Indeed, Patrick has proved to be incredibly resilient during this campaign. An unpopular incumbent in a bad year for Democrats, Patrick has run slightly ahead of Baker, long seen as the Republicans’ best hope, all year.

I still think it’s going to be difficult for Patrick actually to win re-election. But he has been surprisingly lucky in his opposition.

Even Republicans are offended by Loscocco

Benedict Arnold

Given the low standards that pass for acceptable political behavior, I’m not entirely sure why I was so offended by Paul Loscocco’s decision to bow out as independent gubernatorial candidate Tim Cahill’s running mate.

But according today’s Boston Herald, I’m not alone. “What a snake! What a betrayal!” said erstwhile gubernatorial candidate Christy Mihos. Added WRKO talk-show host Charley Manning: “In all the years I’ve followed politics, I’ve never seen someone leave a ticket like Paul Loscocco did.”

Jon Keller calls it the “final blow” to Cahill’s gubernatorial campaign. But Cahill never had a shot, and unless Loscocco is delusional, he knew that the day he joined the ticket. This race was always going to come down to Democratic Gov. Deval Patrick and Republican challenger Charlie Baker. That’s what makes Loscocco’s act of betrayal so loathsome.

Nor can you compare this to high-profile consultant John Weaver’s recent resignation from the Cahill campaign, followed by his endorsement of Baker. Consultants come and go. Loscocco is a candidate for a statewide constitutional office, joined at the hip to Cahill. The only honorable path before him was to stick it out until the end.

Perhaps the most laughable aspect is that Loscocco hasn’t ruled out accepting a job in a Baker administration, the Boston Globe reports.
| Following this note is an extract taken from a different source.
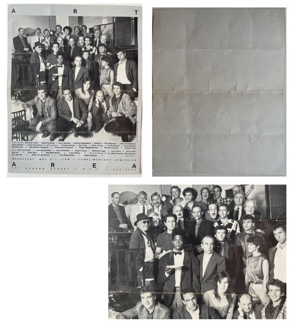 Keith Haring, Jean-Michel Basquiat, Andy Warhol, Kenny Scharf, Robert Mapplethorpe, Alex Katz, Marisol, Peter Max, Barbara Kruger, Jenny Holzer, Sol LeWitt, Tom Wesselmann, David Hockney, Michael Halsband, and Julian Schnabel, "Complimentary Admission/Inv
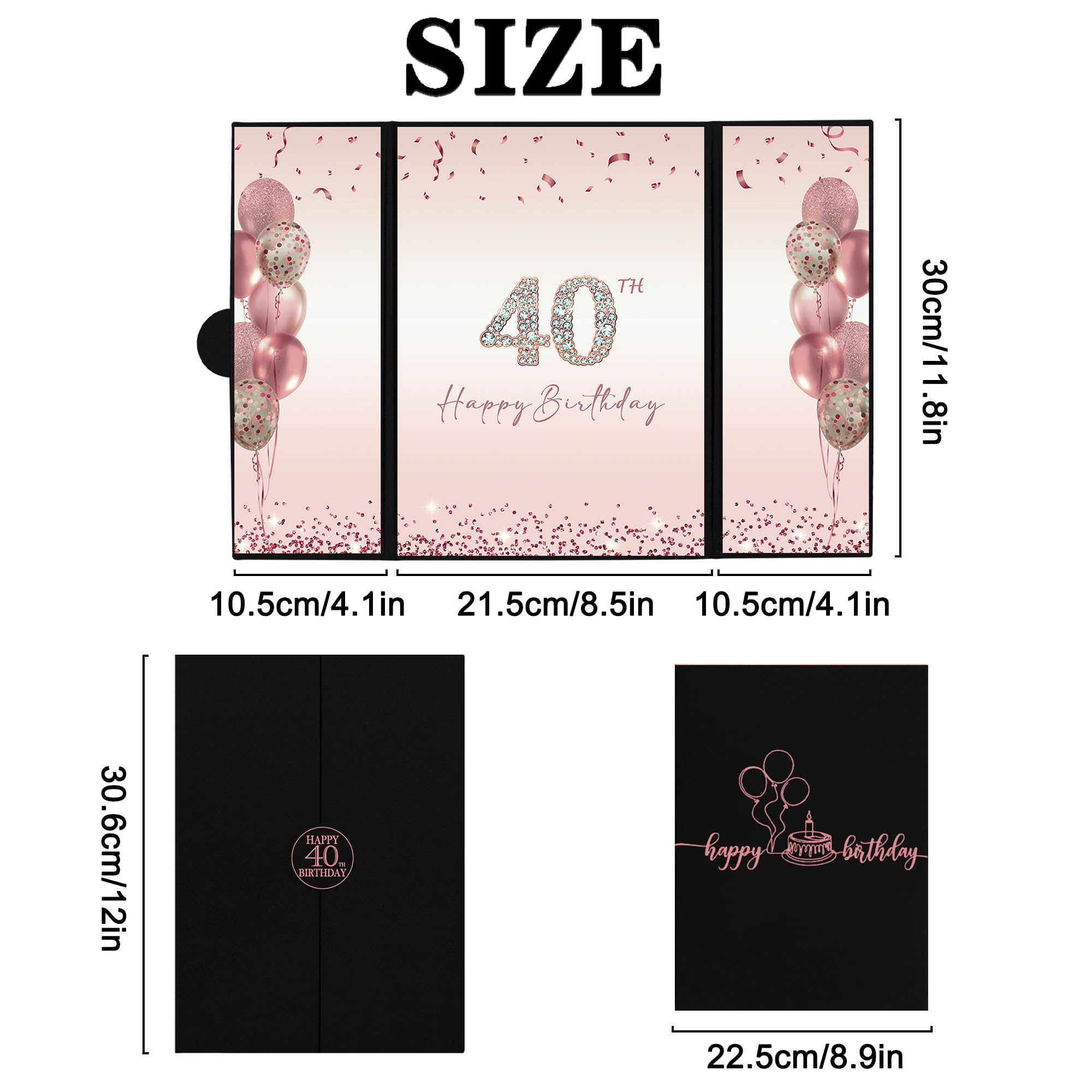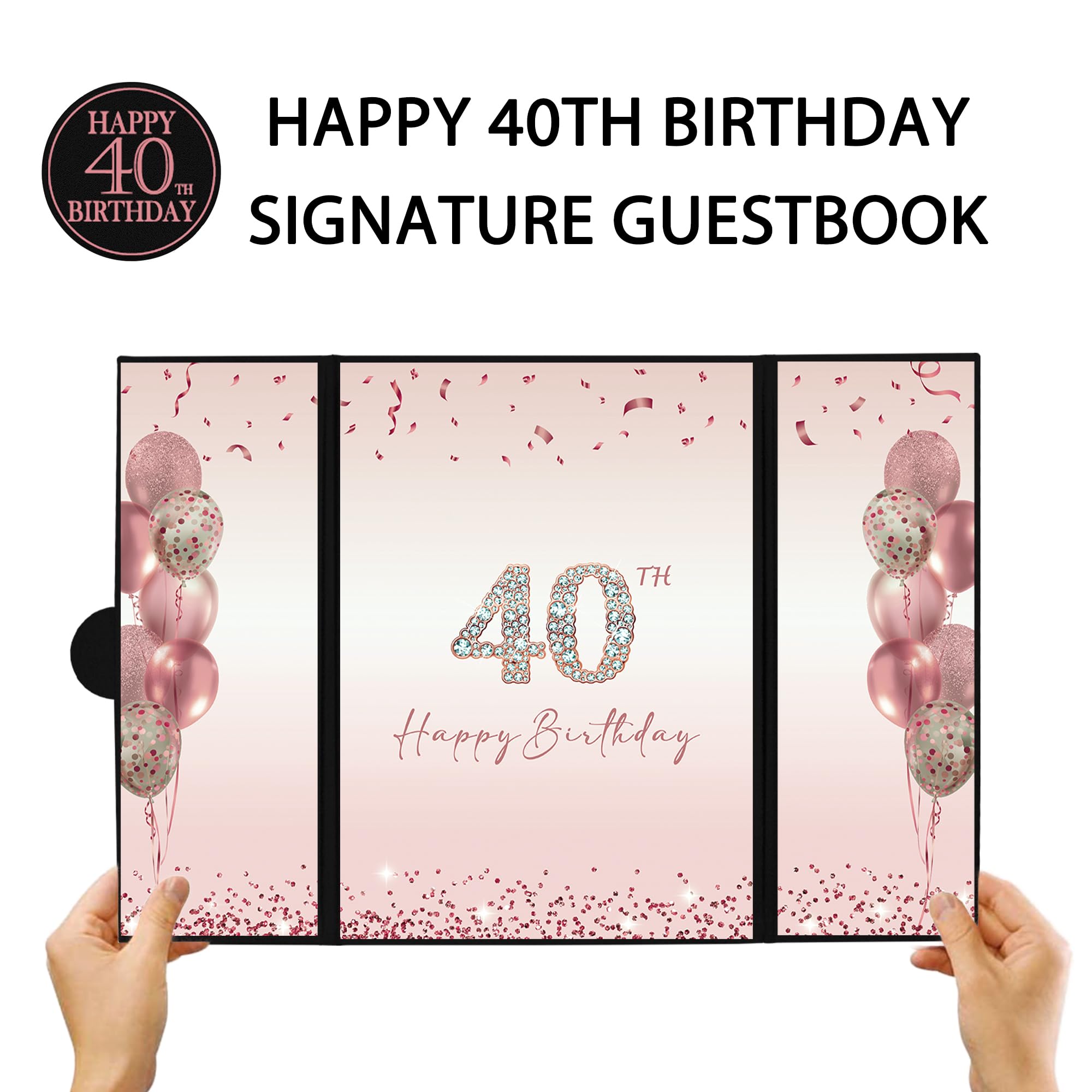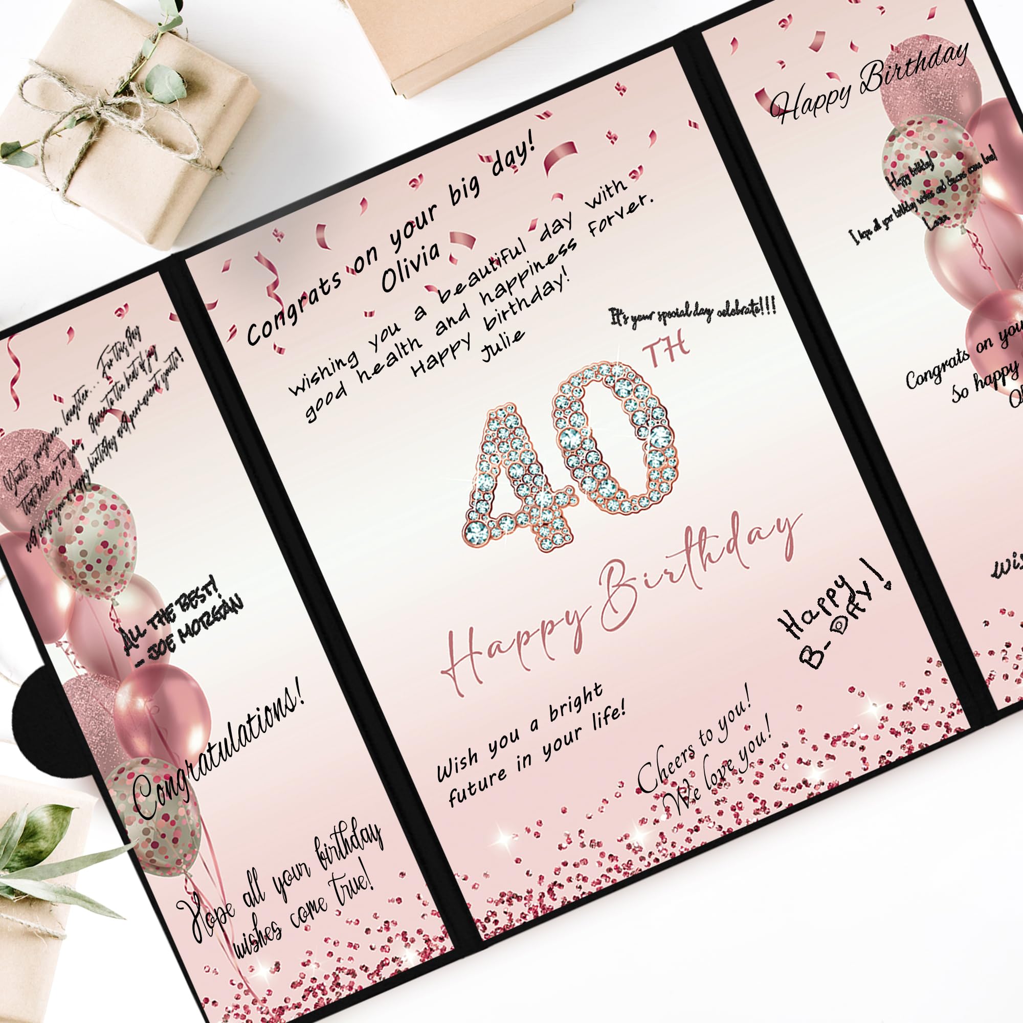 【Perfect Size】 - The cover of Happy 40th Birthday signature sign is approx. 45.6 x 30.6 cm/ 18 x 12inches; the left and right inner page is approx. 10.5 x 30cm/ 4.1 x 11.8inches; the middle inner page: approx. 21.5 x 30 cm/ 8.5 x 11.8inches. It is a fun party decoration idea for the 40th Birthday. You can make your keepsake unique and keep them endlessly.

Well, maybe Baker will throw some sort of bone to Loscocco if he’s elected governor. But I think Baker would want to be very careful about letting a backstabbing weasel like Loscocco get too far inside the tent.

Where was Jill Stein?

I don’t understand why WTKK hosts Jim Braude and Margery Eagan would moderate a gubernatorial debate that featured only three of the four candidates. If it was their call, they were wrong. If it was management’s call, they should have refused to have anything to do with it.

If ‘TKK’s aim was to have a debate between the two major-party candidates, Democratic Gov. Deval Patrick and Republican challenger Charlie Baker, I would have fewer objections — though still some. September is too soon to start excluding anyone.

But there was no logical reason to include independent candidate Tim Cahill, who has no chance of winning, and exclude Green-Rainbow candidate Jill Stein, who also has no chance.

Not only was it unfair to Stein, it was unfair to Baker. Every time Cahill is given oxygen, he hurts Baker with the conservative base Baker needs to secure if he is to defeat Patrick this November. At the same time, nearly all of Stein’s support comes from people who might otherwise be persuaded to vote for Patrick.

She also happens to be as thoughtful and substantive as any of them, but I suppose that’s beside the point.